Glorie Gertrude Sandham was born in Lethbridge January 5, 1905, the daughter of James and Gertrude (Bishop) Sandham. The Sandham's had come to Lethbridge in 1904 and taken a homestead north of Coalhurst in the Rolling Hill district. Glorie took her schooling at Coalhurst along with her brothers and sisters. They walked the two miles every day. When Glorie was fifteen she was told that girls did not need more education than that and therefore her schooling was over.
In the fall of 1925 Hugh and Glorie were married and lived in Coalhurst where Hugh was working in the mine. On July 28, 1926, their first son was born. In the spring of 1928 Hugh was injured at the mine and was told that he would never do manual work again. He worked at odd jobs and ran the Abbatoir for Sorbora's (Tedesco) just southeast of Coalhurst where he and Jimmy Creighton did the killing for the Coalhurst store.
In October of 1929 Hugh was hired by the Alberta Wheat Pool as second man in training at the Coalhurst elevator where he stayed until January, 1930. He then went to Coaldale, again as second man for a short time and then was sent to Spring Coulee as head man where he looked after the Cardston Pool elevator as well.
On December 14, 1930, their second son was born. On August 1, 1931, Hugh and Glorie moved back to Coalhurst, a town which they very much liked, and he served as the Pool agent there until Oct. 31, 1936, when the elevator was closed down.
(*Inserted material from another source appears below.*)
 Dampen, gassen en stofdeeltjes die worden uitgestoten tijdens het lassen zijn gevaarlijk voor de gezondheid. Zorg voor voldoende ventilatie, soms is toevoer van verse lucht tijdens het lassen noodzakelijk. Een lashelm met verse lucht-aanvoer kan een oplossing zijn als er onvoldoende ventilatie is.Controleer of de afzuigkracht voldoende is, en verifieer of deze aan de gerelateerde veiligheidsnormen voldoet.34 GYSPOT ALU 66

During their five year stay in Coalhurst they took a great deal of interest in community affairs. Hugh coached a softball team that had a very good reputation in games against teams from Lethbridge and other towns. He served on the town council and served a time as Mayor.
In the spring of 1936, Hugh and Glorie moved to a farm two and one half miles north of Coalhurst NE 32-9-22. Hugh commuted to the elevator until it was closed down. This move did not end their association with Coalhurst as they still attended community functions in the town although the town had lost its life with the tragedy at the mine.
Hugh McCaugherty was known throughout the Coalhurst district as a man that could always be relied on to help when someone was in need. He was often called on to help when people had livestock in need of assistance. Glorie was known as always helping in girls' clubs and there was always room at the table for extra plates when people dropped in. Hugh and Glorie often reminisced about their friends and happy years they had in Coalhurst.
After the death of his father, Hugh and Glorie bought the McCaugherty ranch in West Lethbridge. In the spring of 1940 they moved there.
In 1952, Hugh and Glorie moved to Lethbridge. In 1957, Glorie died after a long illness. Hugh died in 1977.